Where does dust come from? Premium
The Hindu
Discover the origins of dust and why it seems to reappear quickly after dusting in your home.
Q: Where does dust come from and why does it reappear so soon after we dust?
— Ramajayam D.
A: Terrestrial dust is mostly tiny fragments abraded from larger things; some of it may be even smaller things aggregating together to form motes of dust.
The larger things that turn to dust can be almost anything in the world, from shoes to ships to sealing wax. not to mention cabbages (fragments of dried vegetable matter) and kings (especially if cremated).
Wind-driven dust composed of fragments of stone and clay is so powerful that over the millennia it has cut fantastically shaped canyons and pillars in the badlands of the American West.

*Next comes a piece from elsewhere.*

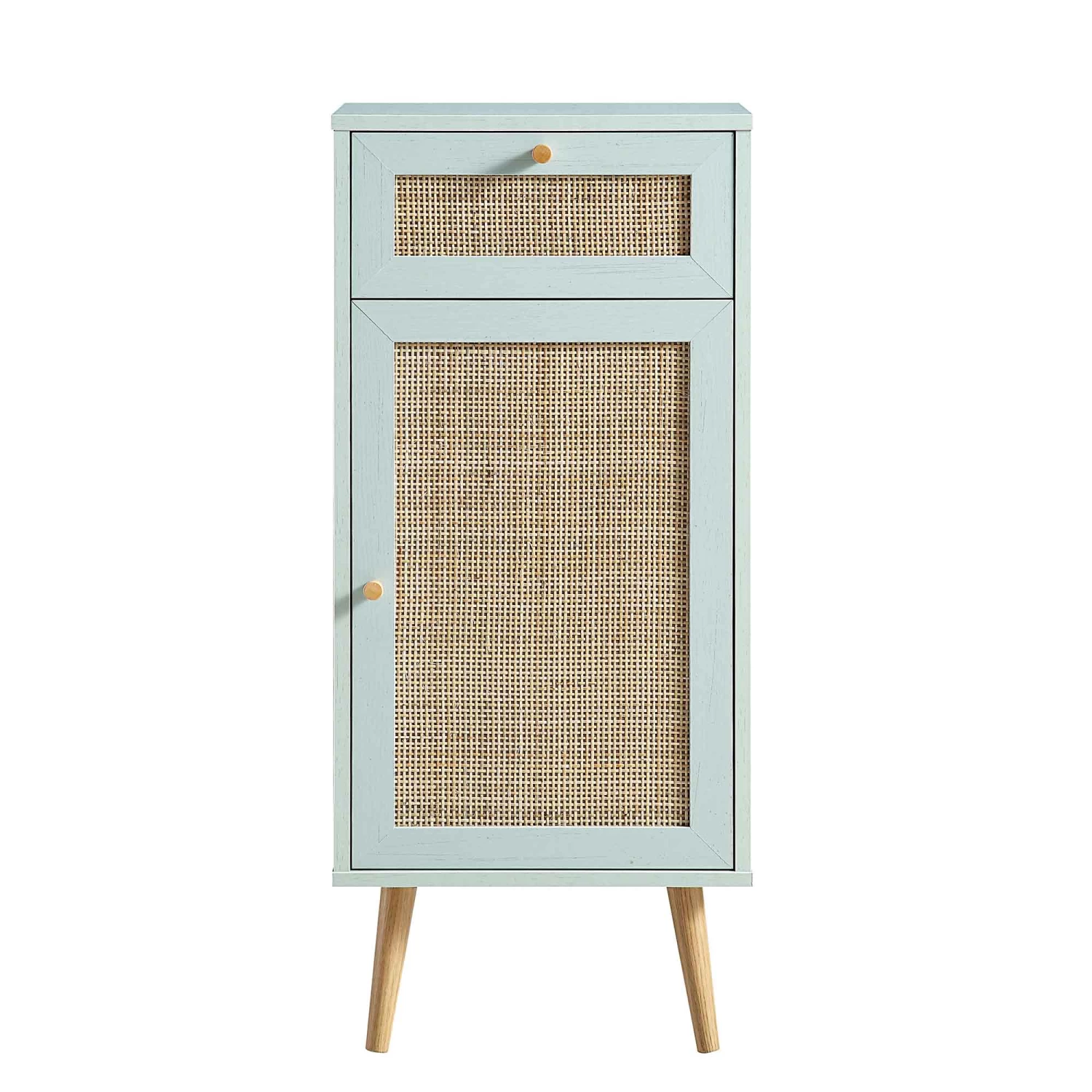 - Our Frances Woven Rattan 1-Door Cabinet is designed with a beautiful natural woven rattan door as well as a drawer, giving ample amounts of discreet storage

Drought created the Dust Bowl with its penetrating clouds of dry ploughed soil: the fires of ancient Plains Indians probably added to the dust in teepees; soot from unburied automobile fuel plagues city apartments.
Dust knows no borders, and dust from volcanic ash lingers in the upper atmosphere to produce brilliant sunsets thousands of miles away from the eruption.
As for why dusting seems worse than futile, one reason is that a dust cloth may simply stir up dust temporarily while the friction simultaneously creates a static electric charge. Charged particles of dust are attracted to surfaces with the opposite charge. An antistatic spray may help by providing a very thin layer of insulation between the opposite charges.